Tuesday, 13 January 2015

On Badgers and Emergences

Among the Pueblo peoples of the American Southwest, the solitary North American species of badger, Taxidea taxus, is a primordial friend and ally; indeed, as Laguna Pueblo writer Leslie Marmon Silko observes, it was a she-badger who made possible the migration of humans and other beings from the Fourth World beneath us into this, the Fifth World of our current existence:

The people found the opening into the Fifth World too small to allow any of them or any of the animals to escape. They had sent a fly out through the small hole to tell them if it was the world which the Mother Creator had promised. It was, but there was the problem of getting out. The antelope tried to butt the opening to enlarge it, but the antelope enlarged it only a little. It was necessary for the badger with her long claws to assist the antelope, and at last the opening was enlarged enough so that all the people and animals were able to emerge up into the Fifth World.

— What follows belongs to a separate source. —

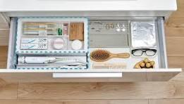 フルスライドタイプに洗面小物をすっきり収納できるスマートトレイ(樹脂製・金属製)を装備。

This is not an account of Badger’s biological origins; she emerged from the Fourth World fully formed as we know her today; her evolutionary history or mystical creation is not the point of the story. Rather, the origin account here is of a different kind, not of species, but of relationship: “Life on the high arid plateau became viable,” Silko argues, “when the human beings were able to imagine themselves as sisters and brothers to the badger, antelope, clay, yucca, and sun. Not until they could find a viable relationship to the terrain, the landscape they found themselves in, could they emerge.”[1]
Badgers are all about emergences. The Oxford English Dictionary gives a number of definitions for the verb and its underworld resonances. Of relevance to our purpose here are 3a and 4a: “To come forth into view; to pass out, issue, from an enclosed space, area of obscuration, etc.” and “To rise into notice, come forth from obscurity.”[2] Drawing on these definitions, we find that, in the human imagination, the earth-dwelling badgers are always emerging and submerging--our relationships to them are shaped in large part by their rise from and return to the earth, their surfacing fully formed from the chthonic underworld of primordial mystery and, to some degree, beyond the reach of human constructions of ever-obscured originations. Indeed, in a survey of various myth cycles and historical references to badgers, it seems a consistent pattern that badgers preceded humans into this world, or at least into territories that humans seek to claim as their own. When humans and badgers interact in these traditions, it is generally badgers who have had a defining influence on humans, not the reverse. (In daily practice, however, human impacts on badger populations are generally negative.)
If there had been badgers in Eden, it is far more likely that they would have been the name-givers to those strange bipedal apes mooning around fruit trees, not the other way around. Perhaps they might have prevented that fateful Fall. For those anxious primates, the emergence from Eden was a curse, and a torment inflicted by a wrathful Father God; for Badger of the Laguna Pueblo account, the move from the Fourth World to the Fifth was far from a calamity--it was an honouring of Mother Creator’s gift. 
And it was Badger, among others, who made it all possible.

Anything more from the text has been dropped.